• _WHAT TO DO_:
All lines in the records below from the line with "程よいハリと落ち感のあるポリ" through the line with "Poslední den před" are to be given again exactly, both ends included; the pictures are to be left out.

• _INFORMATION SUPPLIED_:
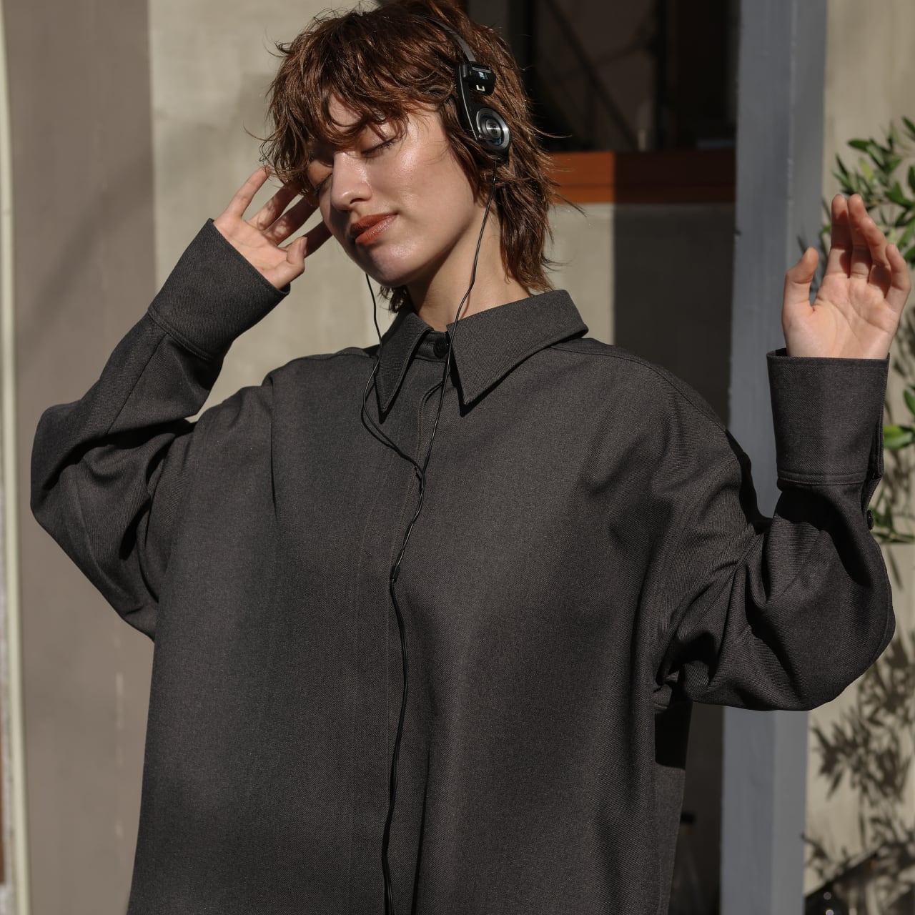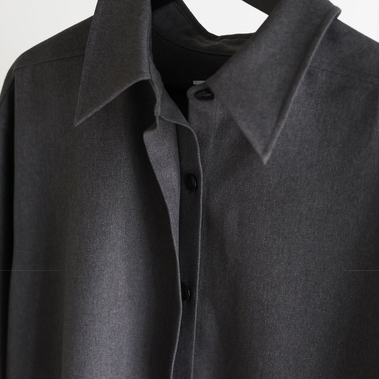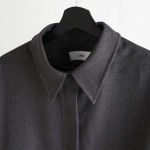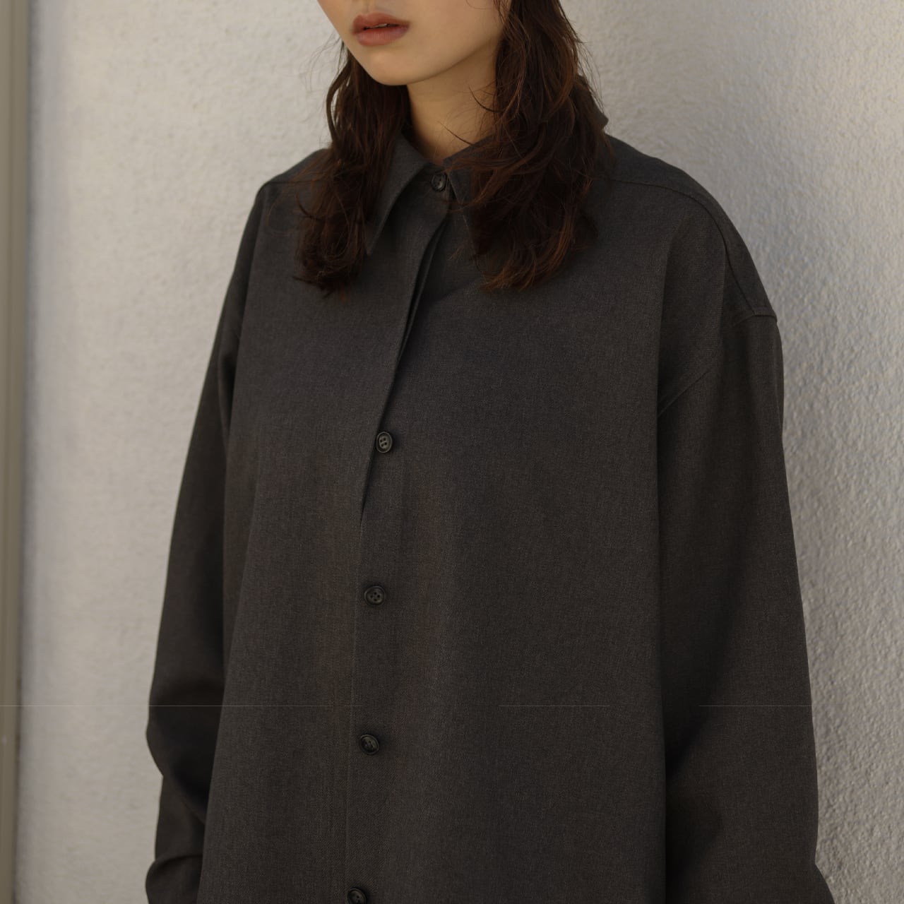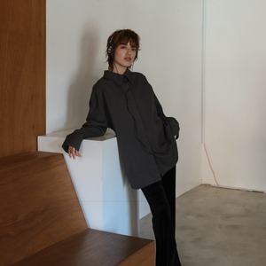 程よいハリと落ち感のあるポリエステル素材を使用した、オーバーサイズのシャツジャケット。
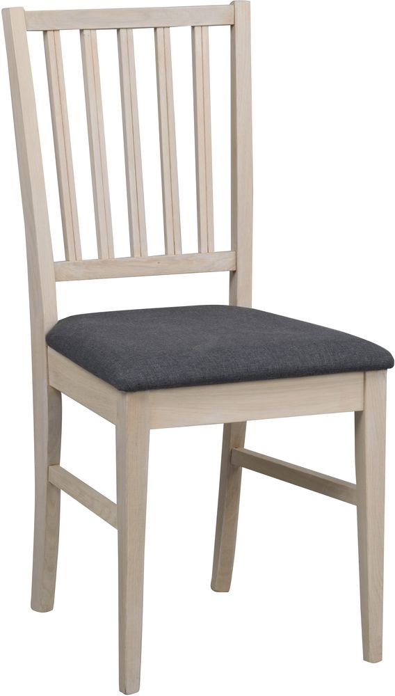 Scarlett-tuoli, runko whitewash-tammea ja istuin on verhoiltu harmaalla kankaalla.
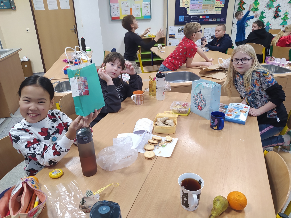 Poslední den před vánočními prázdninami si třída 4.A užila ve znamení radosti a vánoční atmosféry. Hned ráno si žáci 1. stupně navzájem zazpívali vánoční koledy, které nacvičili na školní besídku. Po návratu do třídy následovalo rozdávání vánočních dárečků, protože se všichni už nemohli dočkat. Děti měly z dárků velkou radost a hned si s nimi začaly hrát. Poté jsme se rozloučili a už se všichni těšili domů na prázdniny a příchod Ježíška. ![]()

* * *

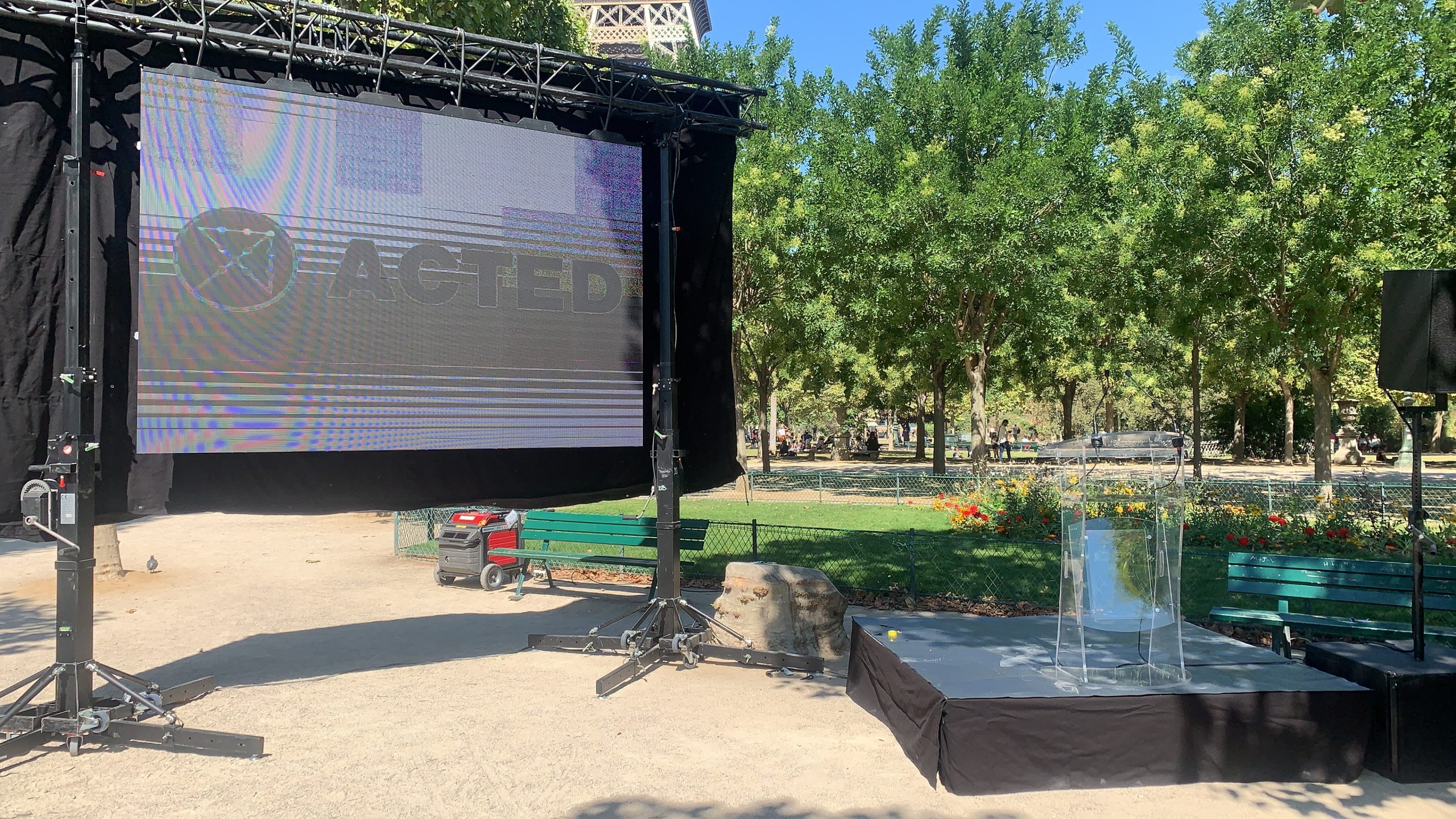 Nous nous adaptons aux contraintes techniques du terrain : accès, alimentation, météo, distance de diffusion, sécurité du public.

• _EXERCISE ANSWER_:
 程よいハリと落ち感のあるポリエステル素材を使用した、オーバーサイズのシャツジャケット。
 Scarlett-tuoli, runko whitewash-tammea ja istuin on verhoiltu harmaalla kankaalla.
 Poslední den před vánočními prázdninami si třída 4.A užila ve znamení radosti a vánoční atmosféry. Hned ráno si žáci 1. stupně navzájem zazpívali vánoční koledy, které nacvičili na školní besídku. Po návratu do třídy následovalo rozdávání vánočních dárečků, protože se všichni už nemohli dočkat. Děti měly z dárků velkou radost a hned si s nimi začaly hrát. Poté jsme se rozloučili a už se všichni těšili domů na prázdniny a příchod Ježíška. ![]()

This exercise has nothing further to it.